Git-based solver submissions are served by the API server (/v1/submissions*), not by the standalone validator endpoint set above. (The inline source-submission endpoint /v1/submissions/source was removed in PR #599.)
Entry Points
There are three ways to run a validator:
-
Canonical validator stack (recommended) — Docker Compose with the daemon and its three Anvil forks pre-configured. Start here:
Terminal window cd platform/validatorcp .env.example .env # fill in YOUR_* placeholdersdocker compose up -dThis is what a third-party validator runs in production. See the quickstart for the full end-to-end setup including on-chain
ValidatorRegistryonboarding. -
Standalone validator daemon — Direct Python process, you bring your own Anvil + Subtensor connections. Useful for advanced operators who want systemd supervision instead of Docker:
Terminal window python -m minotaur_subnet.validator.main --port 9100 --epoch-seconds 1200 -
Local testnet (development only) — Full Docker Compose stack including subtensor, Anvil forks, API, validator, miner, relayer, and frontend. For local development of the protocol itself, not for connecting to mainnet:
Terminal window make testnet-up
Requirements
For the canonical Docker stack (the path third-party operators take):
- 8 vCPU / 16-32 GB RAM / 200 GB SSD (NVMe strongly preferred)

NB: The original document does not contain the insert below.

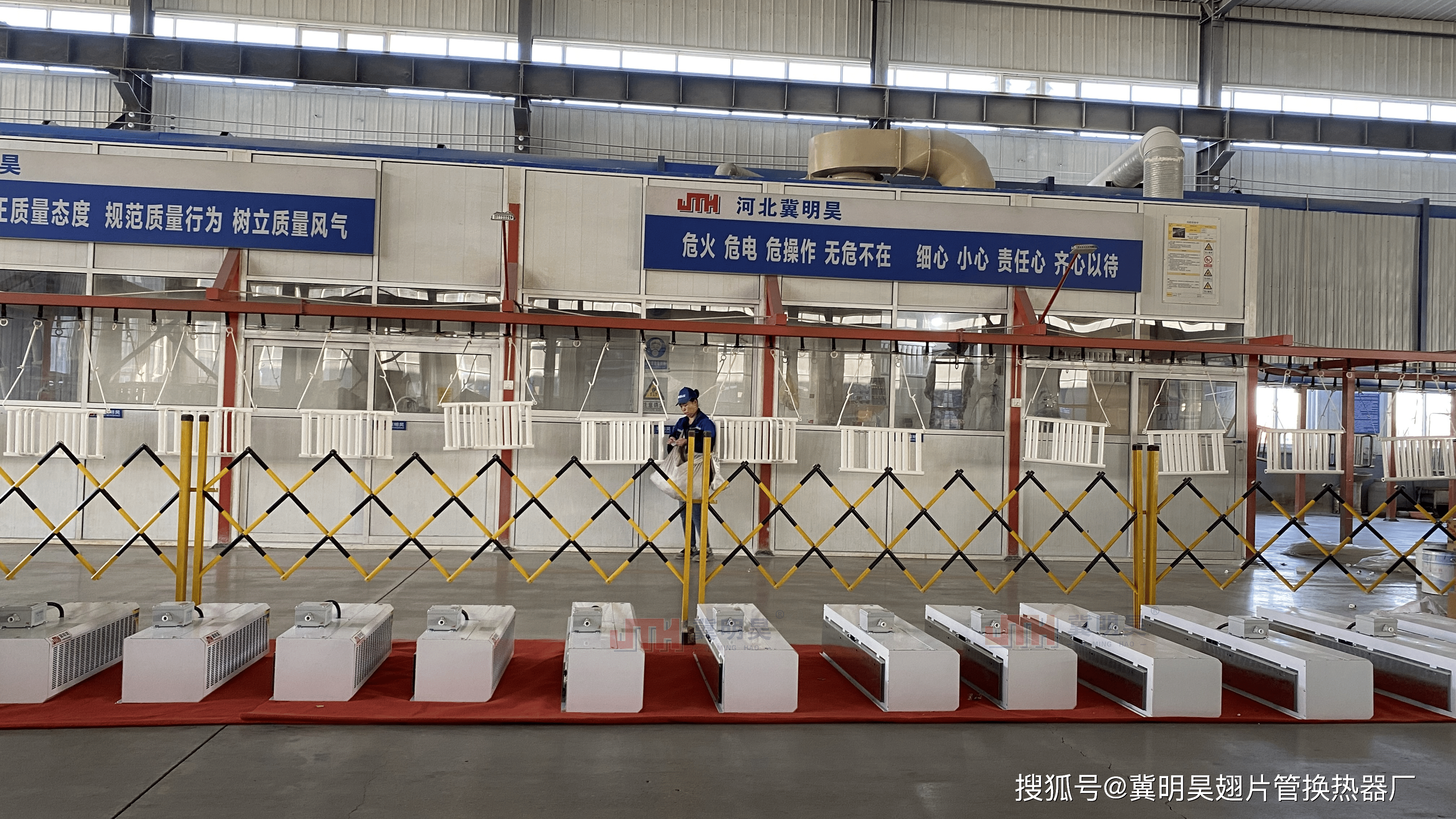 顶吹热风幕的核心工作逻辑围绕“气流阻隔”与“热量补充”展开。设备安装于大门上方,启动后通过内部风机将加热后的空气以特定风速和角度向下喷射,形成一道连续、致密的热气流屏障。这道动态空气门帘能打破室内外空气的自然对流循环,阻止室外冷空气大量涌入室内,同时阻挡室内热空气外泄。

- Public IPv4 with a static address — your axon URL is published on the metagraph and must stay reachable for peer cross-attestation
- Linux (Ubuntu 22.04+ tested; Amazon Linux works)

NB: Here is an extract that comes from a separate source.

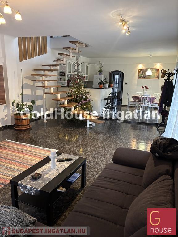 Két szintes. Alul egy 54 nm-es nappali, egy jól felszerelt amerikai konyhával, étkezővel és egy közlekedővel csatlakozó lakrész egy szobával, fürdővel. (Külön wc). A nappaliban élmény kandallós fűtőtest.

- Docker 24+ and Docker Compose v2
- Foundry (
cast) — used to generate your EVM signing key + read on-chain state - Bittensor CLI (
btcli) — used to register your hotkey on subnet 112 - Bittensor wallet with a registered hotkey on subnet 112
- Archive RPC URLs (Alchemy / Infura / QuickNode) for Ethereum mainnet + Base mainnet
- EVM private key for EIP-712 consensus signing — holds no funds
The Python code, Node.js scoring engine, and Anvil binaries all run inside the Docker image — you do not need them installed on the host.
For the standalone Python path (advanced, no Docker), you additionally need Python 3.12, Node.js 20.x, and Anvil installed natively. See the “Running without Docker” section in the quickstart.
See Quickstart for the canonical step-by-step setup.